Сейчас уже почти не осталось сомнений, что и розыгрыш с убийством врача, и приезд на квартиру Алексея, и все последующее — дело рук одних и тех же людей. И лишь одно оставалось ему совершенно непонятным: зачем все это понадобилось?
Он решительно ничего не понимал. И буквально от отчаяния, прекрасно зная, что уж эти-то двое простых исполнителей и подавно не станут с ним объясняться, все же спросил:
— Так вы продолжаете этот глупый розыгрыш?
Слова его прозвучали довольно жалко.
— Это не розыгрыш.
— Тогда что же это?
— Разве вам не объяснили?
— Конечно, мне объяснили! Но не могу же я всерьез поверить, что у нас в России существует тайная организация, занимающаяся вербовкой добровольцев для каких-то там инопланетных дел.
— Не можете? Почему?
— Потому что это глупо! — выпалил Глеб. — Потому что никто и никогда…
— Не вернулся, чтобы об этом рассказать? Совершенно верно. Это входит в условия нашего договора. Вы ведь знаете: на Земле ежедневно исчезают сотни людей. Часть из них попадает к нам. Впрочем, мы не собираемся вас ни в чем убеждать. Желающих слишком много. Так что вы либо соглашаетесь, либо нет.
— А если я сейчас откажусь и потом расскажу о вас?
— Выбор все еще за вами.

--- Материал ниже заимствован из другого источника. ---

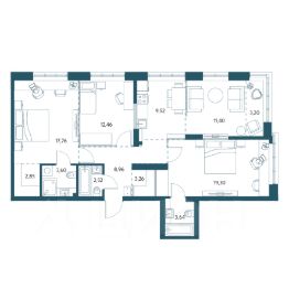 Трёхкомнатная квартира площадью 96,87м2.

Вам все равно никто не поверит, а если будете слишком настаивать — угодите в сумасшедший дом.
— А может быть, дело гораздо проще и вам нужны добровольцы для Чечни или еще какого-нибудь горячего региона?
— Калеки никому не нужны, — жестко отрезал первый.
Эта короткая бесспорная фраза как бы подвела черту под всем спором, под всеми его последними сомнениями. Самое главное — то, из-за чего он согласился с бредовыми предложениями Аркадия Димитриевича, было наконец сказано.
— А вы действительно сможете это сделать? Ну, я имею в виду ноги… Врачи сказали, повреждения такого рода не восстанавливаются…
— У нашей медицины другие методы.
— Я должен что-нибудь подписать?
— Вполне достаточно устного согласия. Если вы решитесь, вам уже никогда не представится возможность нарушить договор с нами. Итак?
— Я согласен, — ответил он, больше не раздумывая, может, оттого, что был уверен: им все равно никогда не удастся выполнить свою часть договора, не удастся вылечить его…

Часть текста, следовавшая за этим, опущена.